INPUT MATERIAL:
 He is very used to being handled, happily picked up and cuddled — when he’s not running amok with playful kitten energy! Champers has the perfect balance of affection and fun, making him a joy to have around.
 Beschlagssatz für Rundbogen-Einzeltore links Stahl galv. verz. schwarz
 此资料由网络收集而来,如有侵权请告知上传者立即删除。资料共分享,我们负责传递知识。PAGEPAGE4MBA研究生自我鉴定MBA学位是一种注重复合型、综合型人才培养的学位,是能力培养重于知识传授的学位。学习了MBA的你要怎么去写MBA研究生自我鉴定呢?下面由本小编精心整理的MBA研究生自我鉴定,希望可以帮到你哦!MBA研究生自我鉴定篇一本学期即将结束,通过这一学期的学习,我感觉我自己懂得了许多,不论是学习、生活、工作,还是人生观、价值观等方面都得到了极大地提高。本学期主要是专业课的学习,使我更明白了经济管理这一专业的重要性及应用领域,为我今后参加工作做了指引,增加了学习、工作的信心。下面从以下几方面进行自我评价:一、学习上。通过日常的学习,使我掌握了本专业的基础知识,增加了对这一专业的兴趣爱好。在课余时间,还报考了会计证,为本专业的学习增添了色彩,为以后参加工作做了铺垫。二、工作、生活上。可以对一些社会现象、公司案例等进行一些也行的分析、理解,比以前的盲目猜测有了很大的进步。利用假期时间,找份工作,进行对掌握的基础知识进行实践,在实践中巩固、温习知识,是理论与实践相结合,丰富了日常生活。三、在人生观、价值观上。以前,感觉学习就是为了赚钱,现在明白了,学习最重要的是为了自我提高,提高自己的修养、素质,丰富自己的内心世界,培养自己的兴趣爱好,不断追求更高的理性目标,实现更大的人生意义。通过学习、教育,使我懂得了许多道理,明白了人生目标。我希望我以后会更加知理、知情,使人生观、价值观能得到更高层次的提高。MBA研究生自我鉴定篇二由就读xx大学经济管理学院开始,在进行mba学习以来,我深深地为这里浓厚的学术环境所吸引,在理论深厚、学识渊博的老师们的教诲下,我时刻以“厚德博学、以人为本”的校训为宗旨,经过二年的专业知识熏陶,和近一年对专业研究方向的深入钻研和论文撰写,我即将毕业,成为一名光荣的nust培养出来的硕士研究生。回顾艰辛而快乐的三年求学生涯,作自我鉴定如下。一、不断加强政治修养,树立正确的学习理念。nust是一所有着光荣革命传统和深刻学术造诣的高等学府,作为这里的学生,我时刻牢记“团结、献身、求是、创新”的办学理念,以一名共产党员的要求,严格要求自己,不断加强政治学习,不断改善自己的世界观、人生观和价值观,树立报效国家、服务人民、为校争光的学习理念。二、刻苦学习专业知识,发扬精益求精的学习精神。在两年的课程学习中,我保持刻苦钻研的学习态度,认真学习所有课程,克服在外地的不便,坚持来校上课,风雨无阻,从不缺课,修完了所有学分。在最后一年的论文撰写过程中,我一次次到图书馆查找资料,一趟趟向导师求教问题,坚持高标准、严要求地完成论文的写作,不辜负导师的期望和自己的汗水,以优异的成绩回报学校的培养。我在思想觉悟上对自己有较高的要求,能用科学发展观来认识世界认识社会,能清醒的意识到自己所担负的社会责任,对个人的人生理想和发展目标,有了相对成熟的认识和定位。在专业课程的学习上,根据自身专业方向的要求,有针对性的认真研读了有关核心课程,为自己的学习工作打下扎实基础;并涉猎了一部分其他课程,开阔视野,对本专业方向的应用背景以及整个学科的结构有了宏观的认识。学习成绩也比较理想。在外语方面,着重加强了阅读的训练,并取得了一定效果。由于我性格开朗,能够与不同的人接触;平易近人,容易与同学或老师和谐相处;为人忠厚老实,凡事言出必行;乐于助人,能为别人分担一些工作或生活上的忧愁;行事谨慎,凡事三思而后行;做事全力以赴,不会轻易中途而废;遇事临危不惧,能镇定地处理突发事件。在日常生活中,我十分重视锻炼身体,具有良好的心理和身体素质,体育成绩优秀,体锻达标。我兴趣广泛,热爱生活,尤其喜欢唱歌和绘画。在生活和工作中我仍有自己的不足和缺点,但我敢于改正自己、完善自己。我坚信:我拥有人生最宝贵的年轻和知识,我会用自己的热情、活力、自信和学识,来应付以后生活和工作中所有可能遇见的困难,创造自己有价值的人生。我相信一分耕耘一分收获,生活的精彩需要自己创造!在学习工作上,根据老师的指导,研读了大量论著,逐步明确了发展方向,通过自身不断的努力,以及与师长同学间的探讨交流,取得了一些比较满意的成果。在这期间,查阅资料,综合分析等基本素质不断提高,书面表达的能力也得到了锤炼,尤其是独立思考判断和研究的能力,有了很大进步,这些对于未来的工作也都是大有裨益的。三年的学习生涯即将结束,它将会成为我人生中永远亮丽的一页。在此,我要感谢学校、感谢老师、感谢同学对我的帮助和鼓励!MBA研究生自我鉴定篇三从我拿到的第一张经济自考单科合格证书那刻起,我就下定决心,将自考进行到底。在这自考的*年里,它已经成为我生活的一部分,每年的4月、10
---
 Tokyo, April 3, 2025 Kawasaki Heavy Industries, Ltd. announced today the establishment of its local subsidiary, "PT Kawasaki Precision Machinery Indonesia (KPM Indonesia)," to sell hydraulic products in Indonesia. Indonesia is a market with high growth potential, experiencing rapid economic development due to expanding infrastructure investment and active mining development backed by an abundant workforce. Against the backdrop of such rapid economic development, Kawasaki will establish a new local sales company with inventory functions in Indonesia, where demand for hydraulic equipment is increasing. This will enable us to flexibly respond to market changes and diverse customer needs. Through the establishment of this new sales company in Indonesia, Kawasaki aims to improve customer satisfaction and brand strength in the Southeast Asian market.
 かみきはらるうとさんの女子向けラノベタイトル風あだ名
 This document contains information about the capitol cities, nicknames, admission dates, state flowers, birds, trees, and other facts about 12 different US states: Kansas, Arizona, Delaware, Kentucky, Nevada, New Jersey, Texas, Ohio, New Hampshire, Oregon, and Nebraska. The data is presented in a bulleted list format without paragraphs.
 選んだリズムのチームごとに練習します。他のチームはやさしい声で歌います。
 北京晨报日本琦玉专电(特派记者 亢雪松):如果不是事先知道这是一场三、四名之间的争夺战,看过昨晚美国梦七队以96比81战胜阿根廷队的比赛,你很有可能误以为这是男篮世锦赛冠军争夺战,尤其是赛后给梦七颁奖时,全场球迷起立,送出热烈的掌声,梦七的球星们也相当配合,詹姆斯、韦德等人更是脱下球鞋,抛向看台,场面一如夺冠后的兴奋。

BRIEF: Print, without alteration, only the lines above between the one holding "He is very used" and the one holding "Beschlagssatz für Rundbogen-Einzeltore", inclusive.

TASK SOLUTION:
 He is very used to being handled, happily picked up and cuddled — when he’s not running amok with playful kitten energy! Champers has the perfect balance of affection and fun, making him a joy to have around.
 Beschlagssatz für Rundbogen-Einzeltore links Stahl galv. verz. schwarz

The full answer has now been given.